TRY IT: Please set down, with no changes, every line of the material below from the one containing "Best location for" through the end. Skip the pictures.

DATA TO PROCESS:
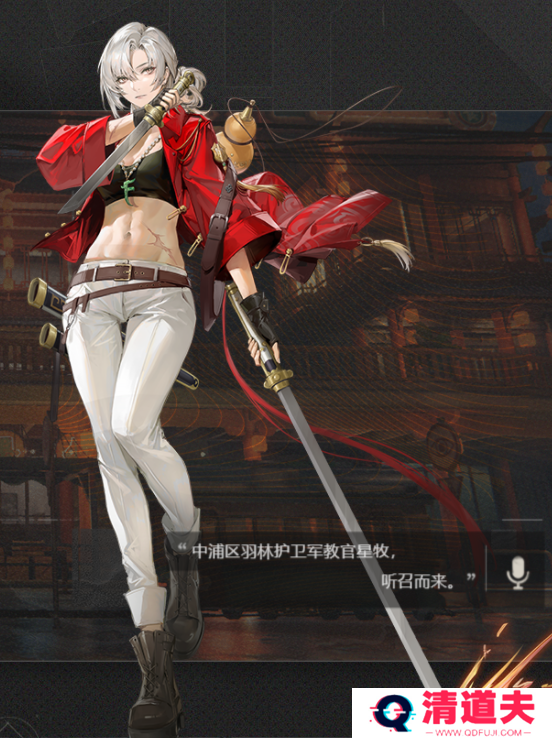 “羽林护卫军”中手持唐刀、英姿飒爽的女教官。她的战斗风格向来干脆利落、简单粗暴,就像她的性格一样直爽明快。工作之外,星牧也对养生颇有研究,腰上常备一壶温热养生茶,还会推拿按摩。
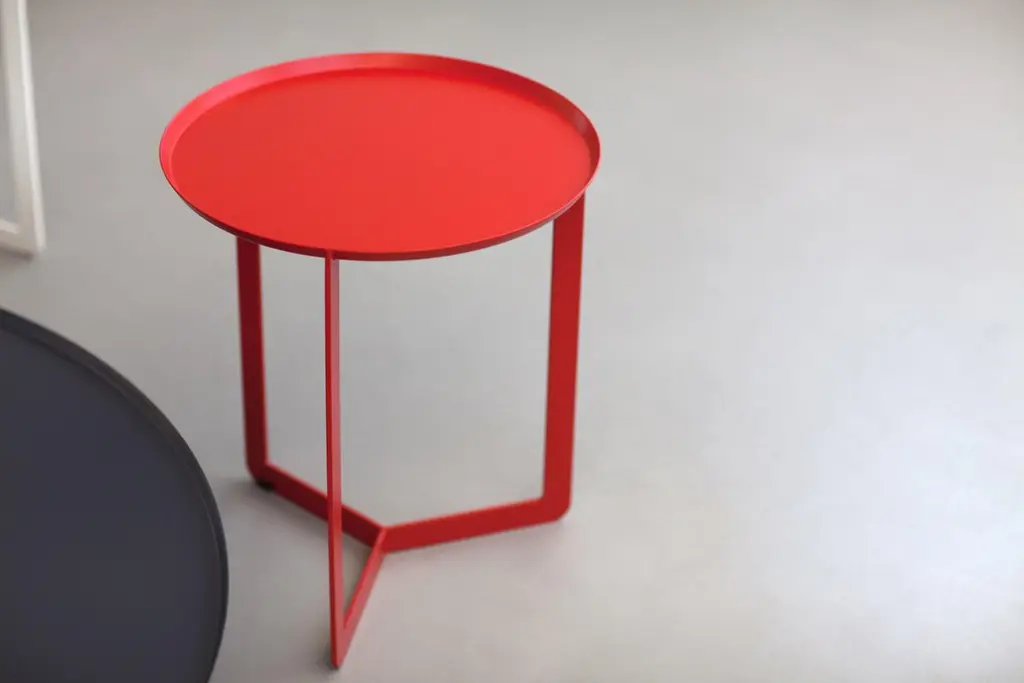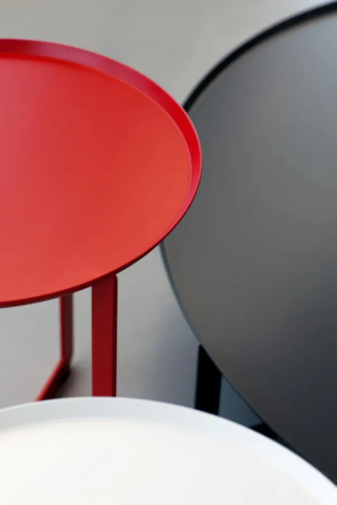 Table in metal "Round" D40."Round" is the elegante collection of coffee and side tables with three bases.Five sizes, from the smallest (D40) to the biggest (D120) for decoration your home and office.Tray with edge 1,5 cm. Thickness 2 mmAvailable in all standard colors, in indoor and outdoor versionsMeasures: H: 46 cm, d: 40 cmMD009.
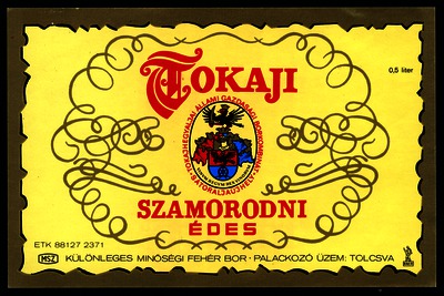 Bortípus: szamorodni; Termelő neve: Tokajhegyaljai Állami Gazdasági Borkombinát; Termelő címe: Sátoraljaújhely; színes címke
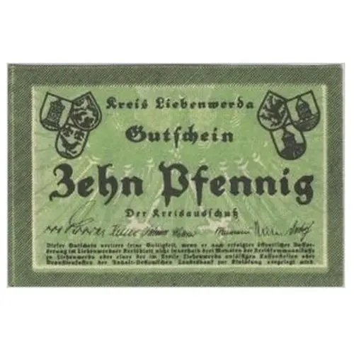Kreis Liebenwerda Gutschein Zehn Pfennig (Translation: Liebenwerda district Voucher Ten pfennigs) |
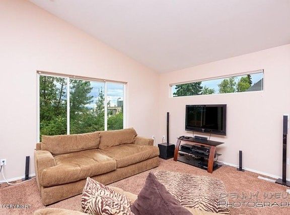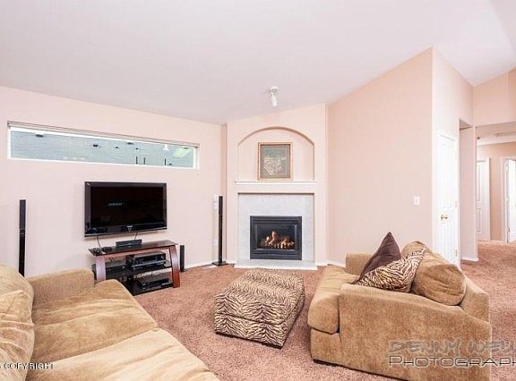 Best location for South Anchorage condo and in the neighborhood, this is like being at the end of the road, with common area across from the front and basically nothing out the back (and partial mountain view to boot)! Birch Knoll abuts the trail system. This condo could easily be 3BR, a private yard, vaulted ceilings, large kitchen w/tons of cabinet storage, cozy fireplace and is newly painted
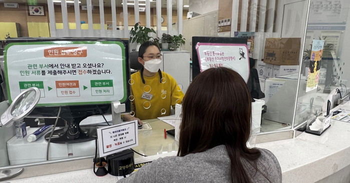 [사진설명] 담당 공무원이 휴대용 보호장비를 착용하고 민원을 응대하고 있다.
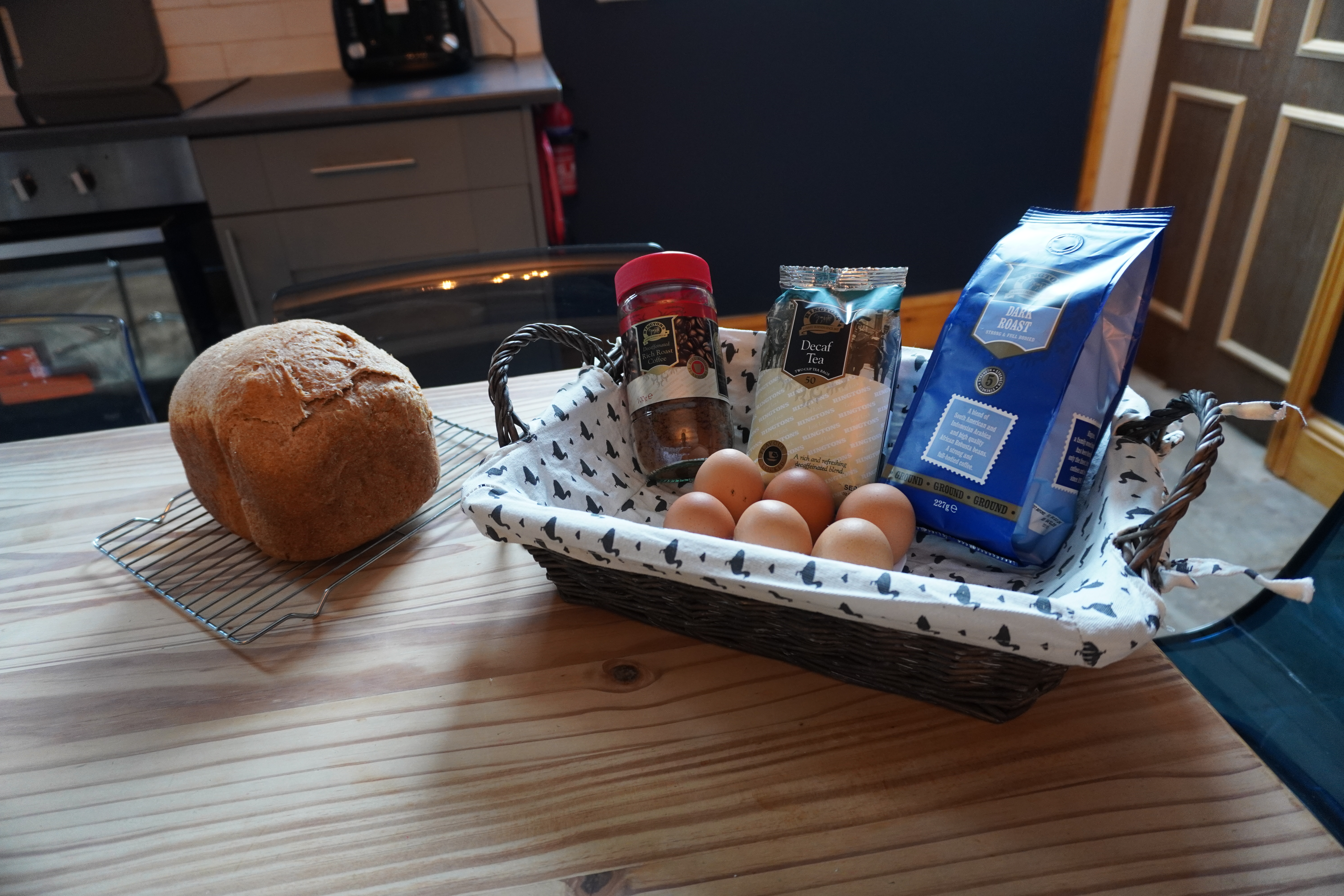 From the image shown above, everyone gets a welcome package. We love this detail as it’s like an extra warm welcome when you arrive at the AirBnb. Included is a freshly made loaf of bread, fresh eggs from the chickens on the farm, tea/coffee and fresh milk. Along with a bottle of Prosecco to start your cosy stay in the right way!

RESPONSE TO THIS EXERCISE:
 Best location for South Anchorage condo and in the neighborhood, this is like being at the end of the road, with common area across from the front and basically nothing out the back (and partial mountain view to boot)! Birch Knoll abuts the trail system. This condo could easily be 3BR, a private yard, vaulted ceilings, large kitchen w/tons of cabinet storage, cozy fireplace and is newly painted
 [사진설명] 담당 공무원이 휴대용 보호장비를 착용하고 민원을 응대하고 있다.
 From the image shown above, everyone gets a welcome package. We love this detail as it’s like an extra warm welcome when you arrive at the AirBnb. Included is a freshly made loaf of bread, fresh eggs from the chickens on the farm, tea/coffee and fresh milk. Along with a bottle of Prosecco to start your cosy stay in the right way!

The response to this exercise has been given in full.